*What to work on*.
Extract the full listing verbatim and drop any pictures from your copy.

*Data shown*.
———

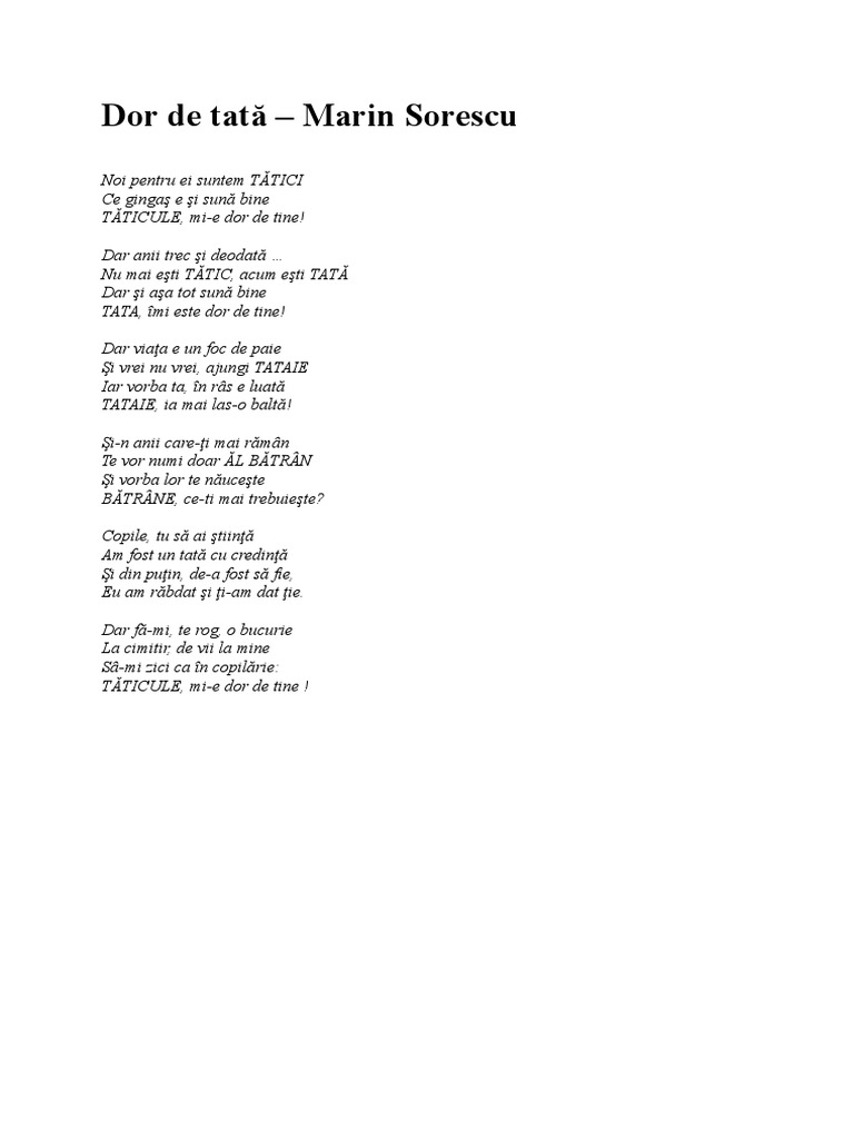 Poezie primită de la dl ioan roșca dor de tata când sunt copiii noștri mici noi pentru ei suntem tătici. Ce gingaș e și sună bine tăticule mi e dor de tine. Mi e dor de tine tata. Taticule de cind sunt mica foarte rar acasa i fost.
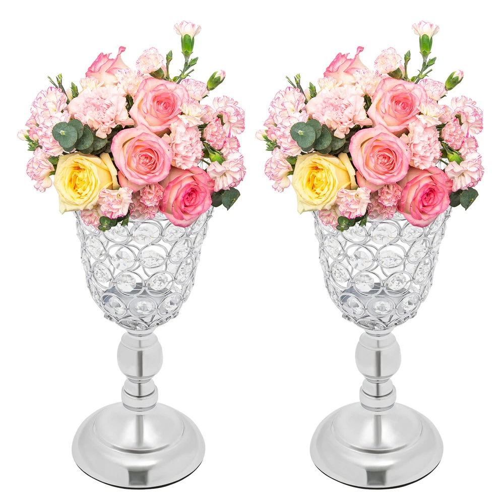 Specifications Color: Silver Style: Elegant Material: Iron, K9 Crystal, EVA Process: Electroplating Mounting Type: Tabletop Assembly Required: No Number of Pieces: 2 Base Diameter: 11cm/4.33in Each Top Diameter: 14cm/5.51in Each Product Height: 25.5cm/10.04in Package Size: 31*25*15cm/12.2*9.84*5.91in Gross Weight: 1.5kg/3.31lbs Net Weight: 1kg/2.2lbs Package Included 2* Wedding Flower Vases welcome Description Description As a wedding day approaches, it is essential to pay attention to the decorations, including the arrangement of fresh or artificial flowers. At a time when couples seek to create a romantic and enchanting atmosphere, wedding flower vases have become a popular choice. These elegant vases have been given an electroplating treatment to ensure their longevity and are ideal for decorating a wide range of spaces. Key Features Build to Last: The product mainly made of K9 crystal and iron with the electroplating process boasts high hardness, corrosion resistance, rust resistance, wear resistance , and a long service life. Elegant Appearance: Carefully designed trumpet shape, elegant silver color, and beautiful crystal beads give this product a pleasing appearance, paired with beautiful bouquets(not included), making the table decoration more attractive and unique, brightening up your wedding, and leaving impressions on your guests. Suitable Size: The appropriate base(4.33 inches) and height(10.04 inches) make this product an excellent decoration for placing on the table. Cost-effective: This set includes 2 pieces to keep your tables from monotonous. You can also purchase more to meet your needs. Moreover, they are reusable, saving you the cost of replacing other decorations next time. Easy to Install: A full range of accessories and simple construction allow you to install and use this product easily and quickly. Simple Clean-up: It has a smooth surface and a simple structure, so you only need to wipe the dust off its surface with a towel(not included). Ideal Gift: Its gorgeous appearance makes it an excellent gift for your friends, families, and colleagues to decorate their rooms or event sites. Protective Package: To prevent the product from being damaged during transportation, we packed it with bubble bags to protect your products to the maximum extent possible. Buy with Confidence: We stand behind all our guests and look forward to assisting you with your purchase. It is our pleasure to answer your confusion and questions. The end of the story between us is not "we sell and you buy". Details Sturdy Base: The 4.33-inch round base with an EVA pad gives stable support, preventing it from easily sliding or wobbling. Large Opening: Its 5.51" diameter can hold more flowers and artificial flowers(not included) for more beautiful arrangements. Application It can be a nice centerpiece decoration for weddings, Christmas, Thanksgiving Day, New Year, Valentine's Day, parties, dinners, holidays, birthdays, anniversaries, or other special events. It is suitable for homes, living rooms, dining rooms, bedrooms, tabletops, dining tables, shelf decors, offices, etc. Specifications Color: Silver Style: Elegant Material: Iron, K9 Crystal, EVA Process: Electroplating Mounting Type: Tabletop Assembly Required: No Number of Pieces: 2 Base Diameter: 11cm/4.33in Each Top Diameter: 14cm/5.51in Each Product Height: 25.5cm/10.04in Package Size: 31*25*15cm/12.2*9.84*5.91in Gross Weight: 1.5kg/3.31lbs Net Weight: 1kg/2.2lbs Package Included 2* Wedding Flower Vases Notes Please carefully check if the size is suitable before placing an order. Flowers are not included in the package. The product adopts a hollow design and cannot hold water. Please allow the slight color difference caused by the shooting light and 1-3cm error due to manual measurement, and make sure you do not mind before you order. Payment Delivery details Terms of sales About us Contact us Payment We accept ebay payment 。 Fees such as import duties, taxes are not included in the item price or shipping costs. These charges are the buyer's responsibility. Delivery details Shipping: 2-9 working days to: USA Terms of sales We maintain high standards of excellence and strive for hundred percent customer satisfaction. Feedback is very important to us. We hope that you contact us immediately before you give neutral or negative feedback, so that we can address your concerns. It is impossible to address issues if we do not know about them! About us Your satis faction is our ultimate goal. We work hard to earn your trust and future business. Our certified technicians have tested each item before shipping. The unit comes with 1 year limited warranty on all manufacturing defects. a) If you receive a defective item, you may return it or ask for a discount. Please contact us within 14 days after you receive the package. b) What you returned must be intact and in its original packaging as re? u. Customer is responsible for shipping costs of the returned item. c) We will cover the cost of shipping back t with the shipping rate indicated in the registration page. We will send you a new unit or refund the full payment you paid. Thank you. Contact us Business Hour Business Hour: Monday To Friday: 8:30 AM to 5:00 PM (Beijing China time) Due to time zones, our reply to your questions may not be immediately. But within above working time, we will reply your email within 24 hours. If it's non-workdays, please kindly be patient and wait till Monday. Please contact us with ebay message. Please feel free to contact us if you have any questions. Monday To Friday: 8:30 AM to 5:00 PM (Beijing China time) Due to time zones, our reply to your questions may not be immediately. But within above working time, we will reply your email within 24 hours. If it's non-workdays, please kindly be patient and wait till Monday. Please contact us with ebay message. Please feel free to contact us if you have any questions.
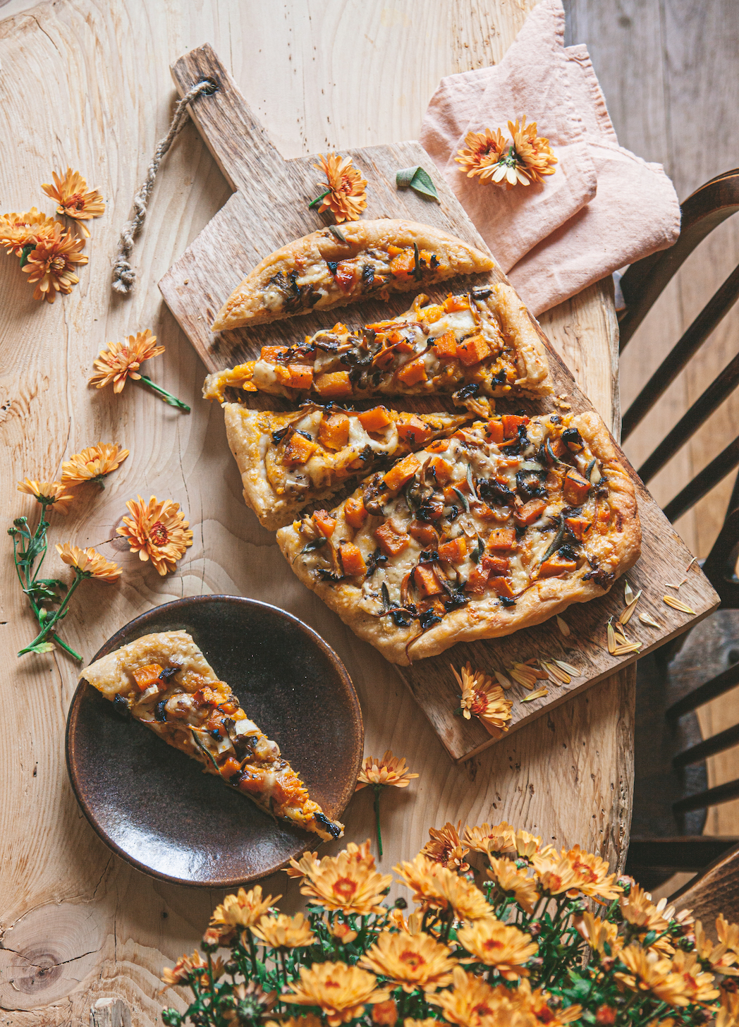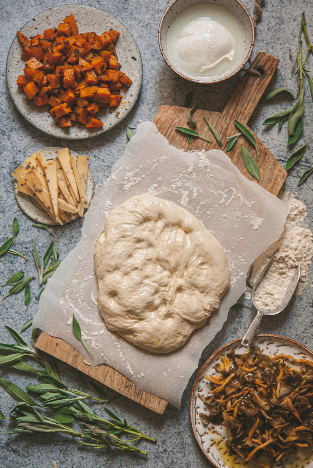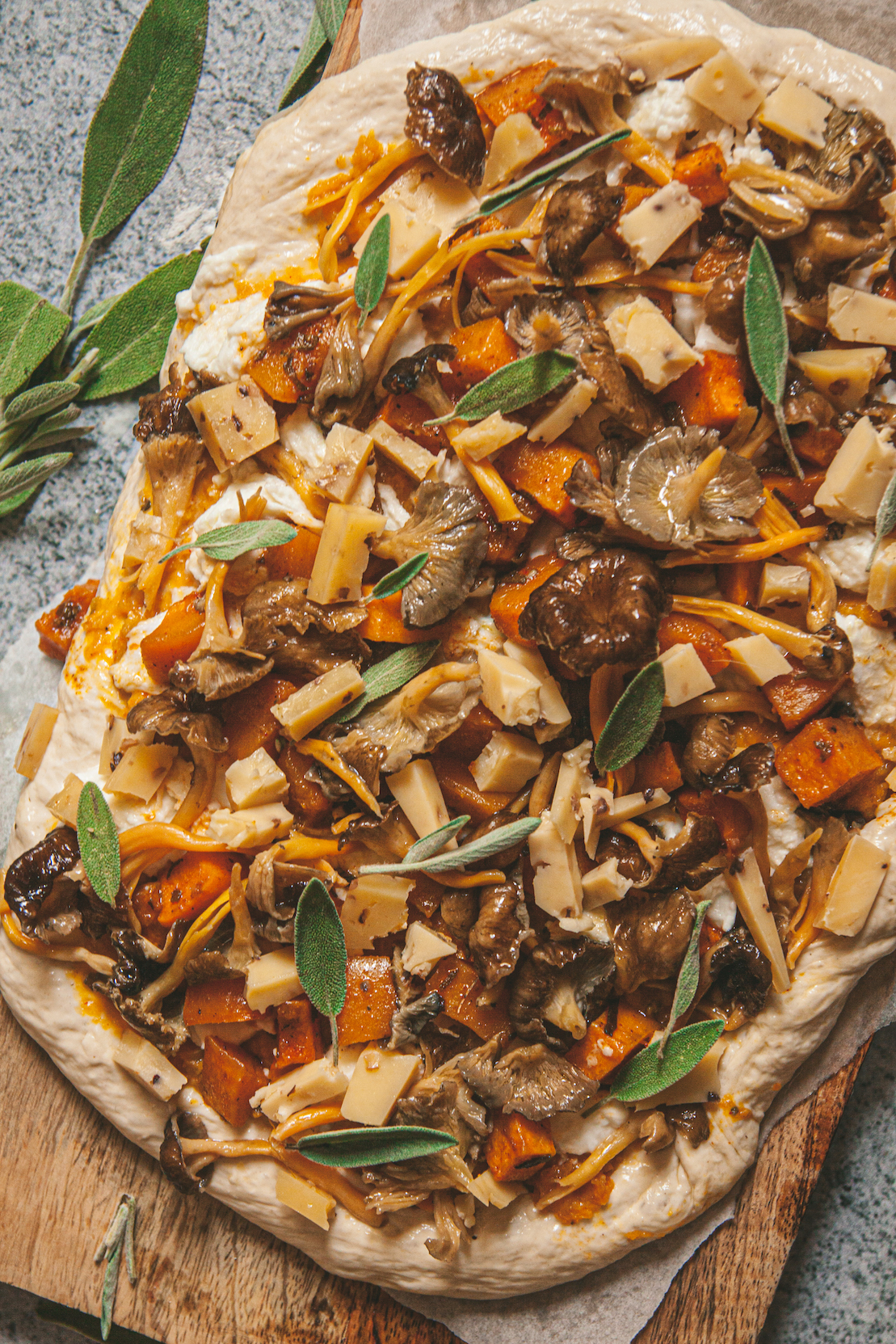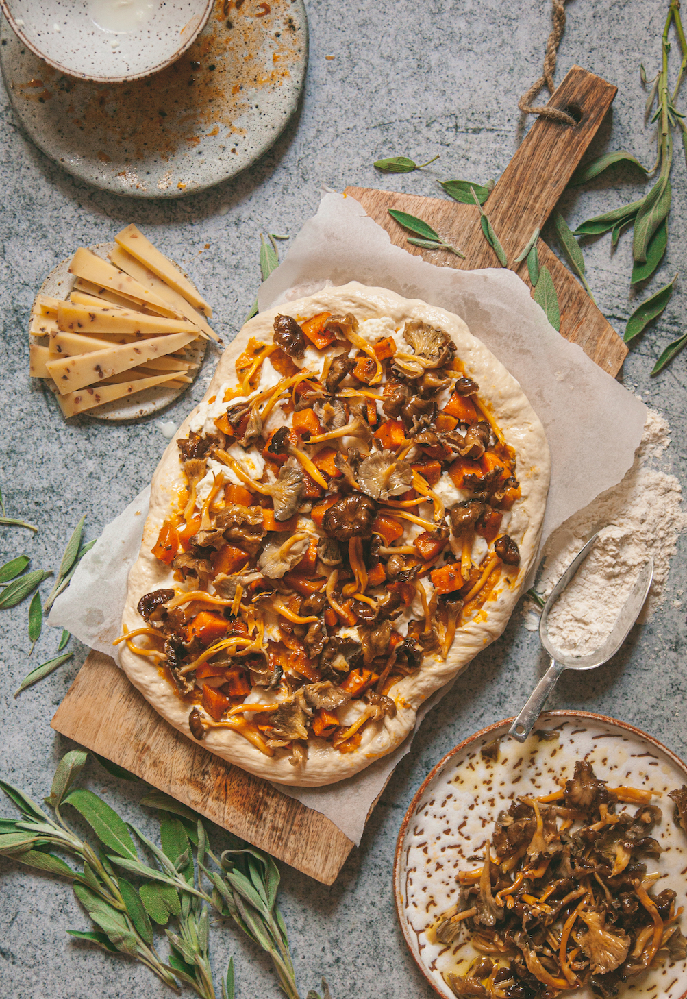 Nhìn thấy hai loại nguyên liệu này là thấy cả mùa thu rồi ấy nhỉ? ^^ Thế là mình có ý tưởng làm ngay một chiếc bánh pizza với nấm và bí đỏ. Thay vì dùng sốt cà chua như các loại bánh pizza thông thường thì mình dùng bí đỏ nghiền thành sốt. Món bánh pizza này cũng phù hợp với các bạn ăn chay có trứng và sữa vì mình chỉ dùng rau củ và bơ, phô mai.

———

*Exercise answer*.
 Poezie primită de la dl ioan roșca dor de tata când sunt copiii noștri mici noi pentru ei suntem tătici. Ce gingaș e și sună bine tăticule mi e dor de tine. Mi e dor de tine tata. Taticule de cind sunt mica foarte rar acasa i fost.
 Specifications Color: Silver Style: Elegant Material: Iron, K9 Crystal, EVA Process: Electroplating Mounting Type: Tabletop Assembly Required: No Number of Pieces: 2 Base Diameter: 11cm/4.33in Each Top Diameter: 14cm/5.51in Each Product Height: 25.5cm/10.04in Package Size: 31*25*15cm/12.2*9.84*5.91in Gross Weight: 1.5kg/3.31lbs Net Weight: 1kg/2.2lbs Package Included 2* Wedding Flower Vases welcome Description Description As a wedding day approaches, it is essential to pay attention to the decorations, including the arrangement of fresh or artificial flowers. At a time when couples seek to create a romantic and enchanting atmosphere, wedding flower vases have become a popular choice. These elegant vases have been given an electroplating treatment to ensure their longevity and are ideal for decorating a wide range of spaces. Key Features Build to Last: The product mainly made of K9 crystal and iron with the electroplating process boasts high hardness, corrosion resistance, rust resistance, wear resistance , and a long service life. Elegant Appearance: Carefully designed trumpet shape, elegant silver color, and beautiful crystal beads give this product a pleasing appearance, paired with beautiful bouquets(not included), making the table decoration more attractive and unique, brightening up your wedding, and leaving impressions on your guests. Suitable Size: The appropriate base(4.33 inches) and height(10.04 inches) make this product an excellent decoration for placing on the table. Cost-effective: This set includes 2 pieces to keep your tables from monotonous. You can also purchase more to meet your needs. Moreover, they are reusable, saving you the cost of replacing other decorations next time. Easy to Install: A full range of accessories and simple construction allow you to install and use this product easily and quickly. Simple Clean-up: It has a smooth surface and a simple structure, so you only need to wipe the dust off its surface with a towel(not included). Ideal Gift: Its gorgeous appearance makes it an excellent gift for your friends, families, and colleagues to decorate their rooms or event sites. Protective Package: To prevent the product from being damaged during transportation, we packed it with bubble bags to protect your products to the maximum extent possible. Buy with Confidence: We stand behind all our guests and look forward to assisting you with your purchase. It is our pleasure to answer your confusion and questions. The end of the story between us is not "we sell and you buy". Details Sturdy Base: The 4.33-inch round base with an EVA pad gives stable support, preventing it from easily sliding or wobbling. Large Opening: Its 5.51" diameter can hold more flowers and artificial flowers(not included) for more beautiful arrangements. Application It can be a nice centerpiece decoration for weddings, Christmas, Thanksgiving Day, New Year, Valentine's Day, parties, dinners, holidays, birthdays, anniversaries, or other special events. It is suitable for homes, living rooms, dining rooms, bedrooms, tabletops, dining tables, shelf decors, offices, etc. Specifications Color: Silver Style: Elegant Material: Iron, K9 Crystal, EVA Process: Electroplating Mounting Type: Tabletop Assembly Required: No Number of Pieces: 2 Base Diameter: 11cm/4.33in Each Top Diameter: 14cm/5.51in Each Product Height: 25.5cm/10.04in Package Size: 31*25*15cm/12.2*9.84*5.91in Gross Weight: 1.5kg/3.31lbs Net Weight: 1kg/2.2lbs Package Included 2* Wedding Flower Vases Notes Please carefully check if the size is suitable before placing an order. Flowers are not included in the package. The product adopts a hollow design and cannot hold water. Please allow the slight color difference caused by the shooting light and 1-3cm error due to manual measurement, and make sure you do not mind before you order. Payment Delivery details Terms of sales About us Contact us Payment We accept ebay payment 。 Fees such as import duties, taxes are not included in the item price or shipping costs. These charges are the buyer's responsibility. Delivery details Shipping: 2-9 working days to: USA Terms of sales We maintain high standards of excellence and strive for hundred percent customer satisfaction. Feedback is very important to us. We hope that you contact us immediately before you give neutral or negative feedback, so that we can address your concerns. It is impossible to address issues if we do not know about them! About us Your satis faction is our ultimate goal. We work hard to earn your trust and future business. Our certified technicians have tested each item before shipping. The unit comes with 1 year limited warranty on all manufacturing defects. a) If you receive a defective item, you may return it or ask for a discount. Please contact us within 14 days after you receive the package. b) What you returned must be intact and in its original packaging as re? u. Customer is responsible for shipping costs of the returned item. c) We will cover the cost of shipping back t with the shipping rate indicated in the registration page. We will send you a new unit or refund the full payment you paid. Thank you. Contact us Business Hour Business Hour: Monday To Friday: 8:30 AM to 5:00 PM (Beijing China time) Due to time zones, our reply to your questions may not be immediately. But within above working time, we will reply your email within 24 hours. If it's non-workdays, please kindly be patient and wait till Monday. Please contact us with ebay message. Please feel free to contact us if you have any questions. Monday To Friday: 8:30 AM to 5:00 PM (Beijing China time) Due to time zones, our reply to your questions may not be immediately. But within above working time, we will reply your email within 24 hours. If it's non-workdays, please kindly be patient and wait till Monday. Please contact us with ebay message. Please feel free to contact us if you have any questions.
 Nhìn thấy hai loại nguyên liệu này là thấy cả mùa thu rồi ấy nhỉ? ^^ Thế là mình có ý tưởng làm ngay một chiếc bánh pizza với nấm và bí đỏ. Thay vì dùng sốt cà chua như các loại bánh pizza thông thường thì mình dùng bí đỏ nghiền thành sốt. Món bánh pizza này cũng phù hợp với các bạn ăn chay có trứng và sữa vì mình chỉ dùng rau củ và bơ, phô mai.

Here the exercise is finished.